**Problem statement:** Within the listing below, give again exactly the lines between the one containing "Discover ultimate sophistication" and the one containing "и вкусно, уверены.", inclusive, pictures left aside.

**Exercise inputs:**
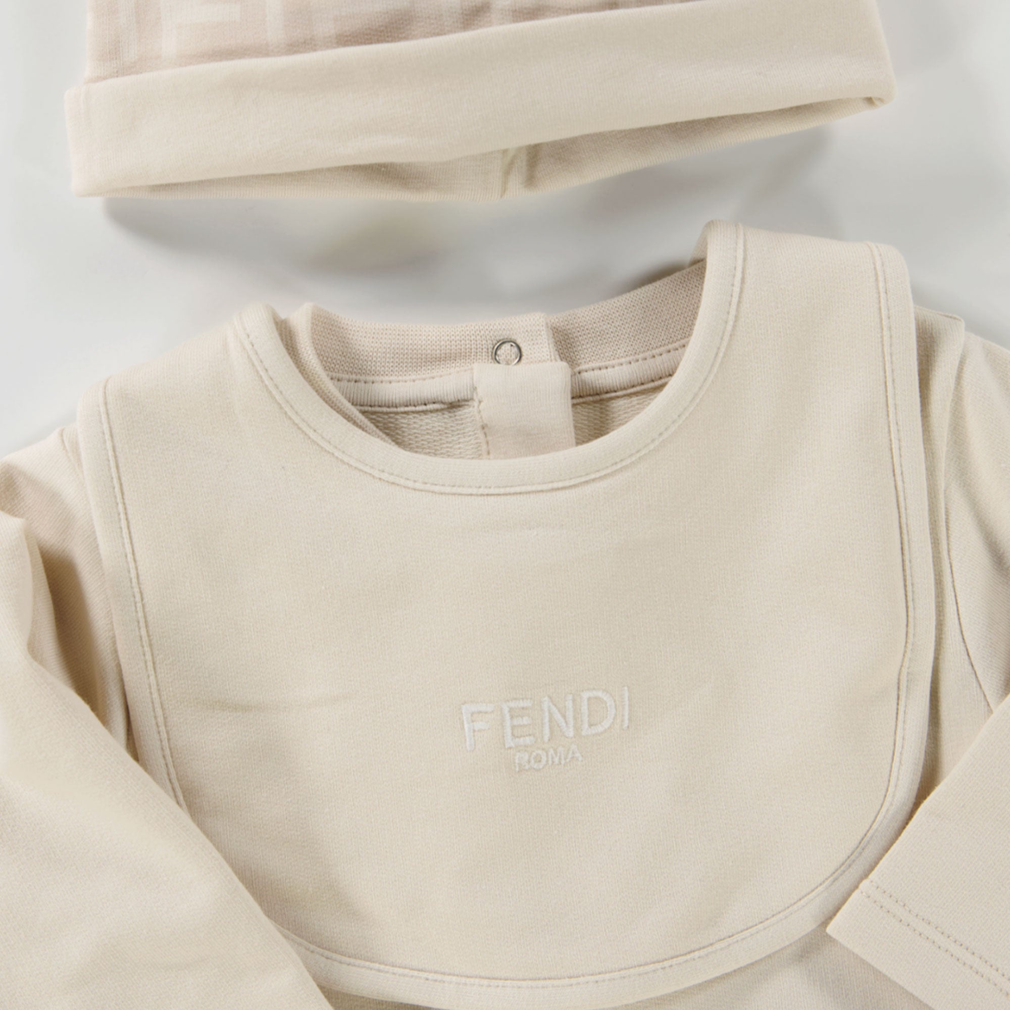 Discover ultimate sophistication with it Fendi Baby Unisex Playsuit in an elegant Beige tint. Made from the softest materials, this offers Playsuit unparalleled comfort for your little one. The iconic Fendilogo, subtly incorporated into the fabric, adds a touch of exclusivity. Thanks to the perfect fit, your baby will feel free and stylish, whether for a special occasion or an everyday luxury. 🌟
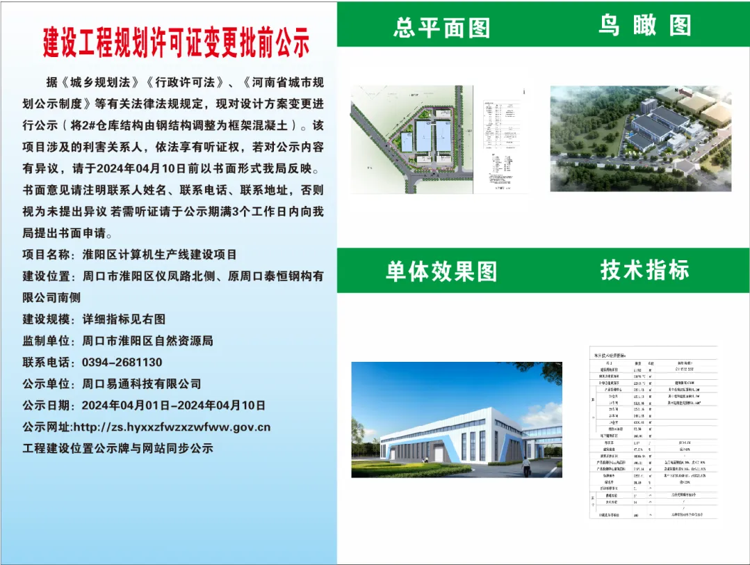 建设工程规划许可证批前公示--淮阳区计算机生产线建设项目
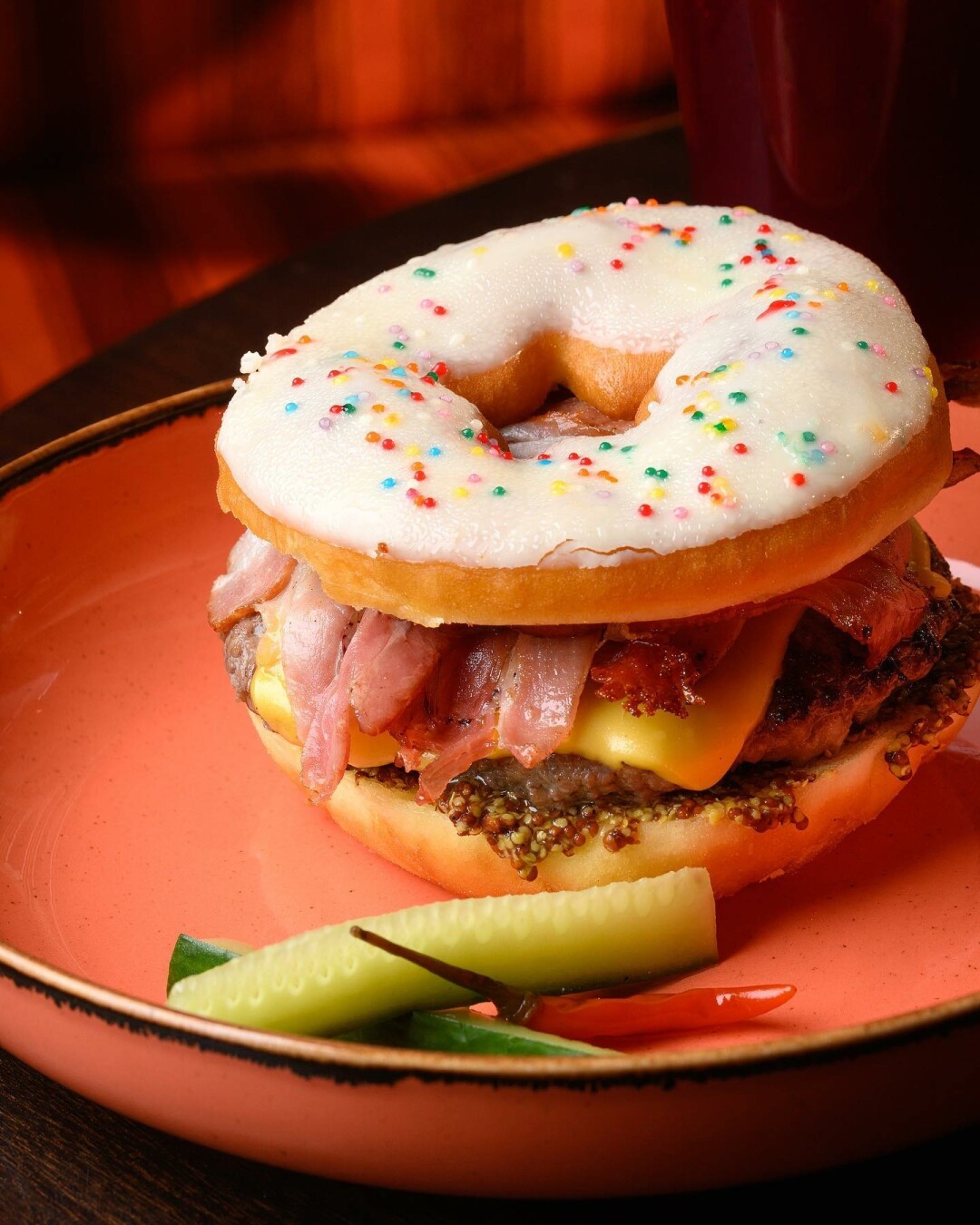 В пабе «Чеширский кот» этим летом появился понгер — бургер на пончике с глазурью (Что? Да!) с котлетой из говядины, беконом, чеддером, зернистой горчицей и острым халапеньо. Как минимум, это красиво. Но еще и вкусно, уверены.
--
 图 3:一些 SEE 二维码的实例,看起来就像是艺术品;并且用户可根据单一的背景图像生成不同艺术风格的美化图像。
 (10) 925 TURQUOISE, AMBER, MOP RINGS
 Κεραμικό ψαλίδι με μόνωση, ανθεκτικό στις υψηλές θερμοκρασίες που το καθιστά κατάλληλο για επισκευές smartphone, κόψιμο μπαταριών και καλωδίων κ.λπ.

**Task response:**
 Discover ultimate sophistication with it Fendi Baby Unisex Playsuit in an elegant Beige tint. Made from the softest materials, this offers Playsuit unparalleled comfort for your little one. The iconic Fendilogo, subtly incorporated into the fabric, adds a touch of exclusivity. Thanks to the perfect fit, your baby will feel free and stylish, whether for a special occasion or an everyday luxury. 🌟
 建设工程规划许可证批前公示--淮阳区计算机生产线建设项目
 В пабе «Чеширский кот» этим летом появился понгер — бургер на пончике с глазурью (Что? Да!) с котлетой из говядины, беконом, чеддером, зернистой горчицей и острым халапеньо. Как минимум, это красиво. Но еще и вкусно, уверены.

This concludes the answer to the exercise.